Problem to solve:
Set down the data below word for word, and leave the images aside.

Supplied data:
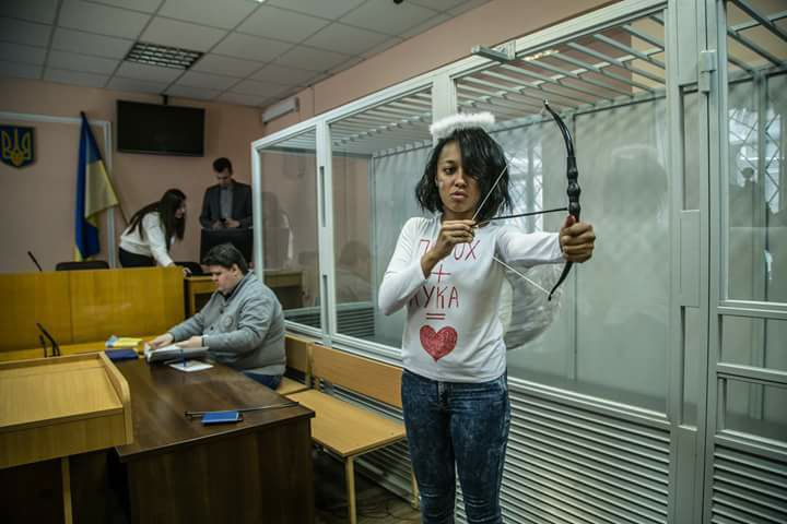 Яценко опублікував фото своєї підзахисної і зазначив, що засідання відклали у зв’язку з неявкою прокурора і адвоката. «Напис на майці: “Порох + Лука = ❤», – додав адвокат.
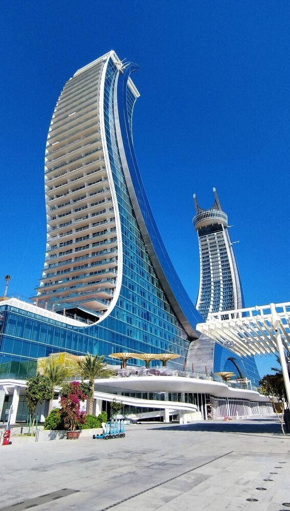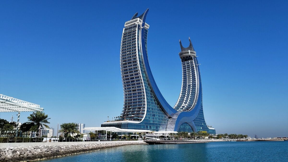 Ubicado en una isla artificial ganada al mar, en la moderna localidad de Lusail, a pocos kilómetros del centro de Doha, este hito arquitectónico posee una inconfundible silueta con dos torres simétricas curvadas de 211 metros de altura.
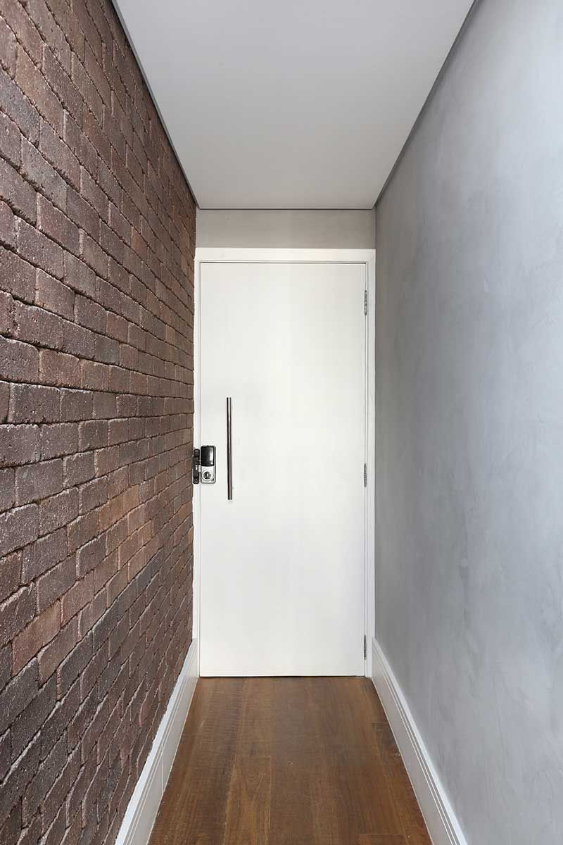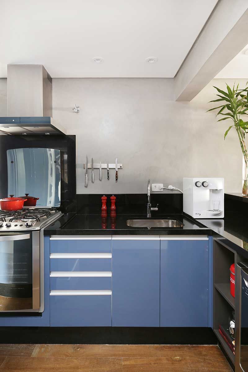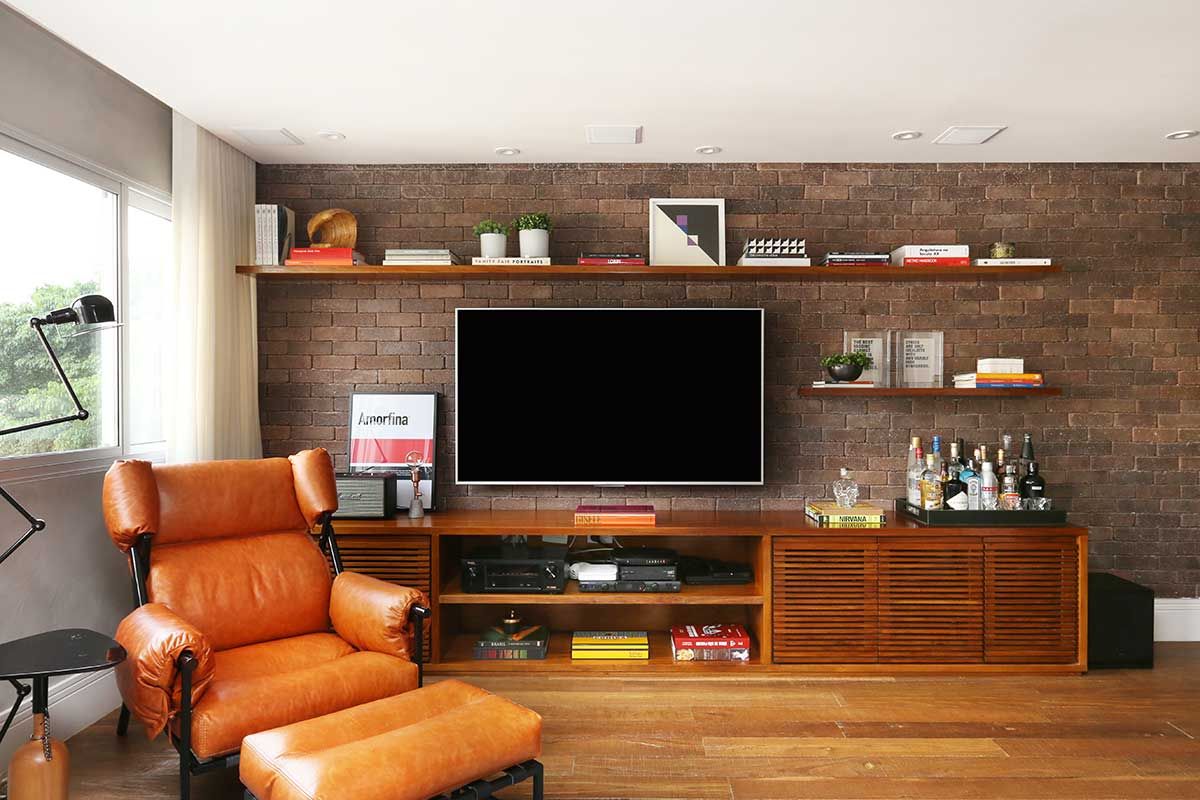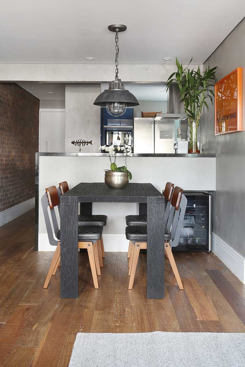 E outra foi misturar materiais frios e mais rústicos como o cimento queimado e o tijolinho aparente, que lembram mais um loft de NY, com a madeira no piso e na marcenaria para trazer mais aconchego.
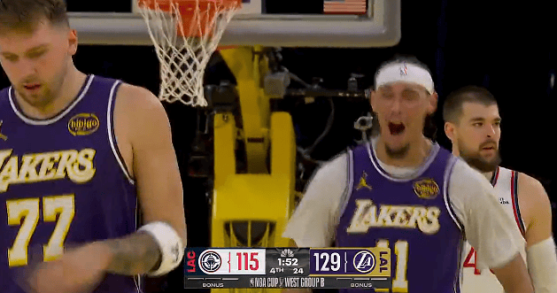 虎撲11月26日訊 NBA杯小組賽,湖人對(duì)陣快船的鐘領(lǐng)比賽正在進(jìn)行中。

Task response:
 Яценко опублікував фото своєї підзахисної і зазначив, що засідання відклали у зв’язку з неявкою прокурора і адвоката. «Напис на майці: “Порох + Лука = ❤», – додав адвокат.
 Ubicado en una isla artificial ganada al mar, en la moderna localidad de Lusail, a pocos kilómetros del centro de Doha, este hito arquitectónico posee una inconfundible silueta con dos torres simétricas curvadas de 211 metros de altura.
 E outra foi misturar materiais frios e mais rústicos como o cimento queimado e o tijolinho aparente, que lembram mais um loft de NY, com a madeira no piso e na marcenaria para trazer mais aconchego.
 虎撲11月26日訊 NBA杯小組賽,湖人對(duì)陣快船的鐘領(lǐng)比賽正在進(jìn)行中。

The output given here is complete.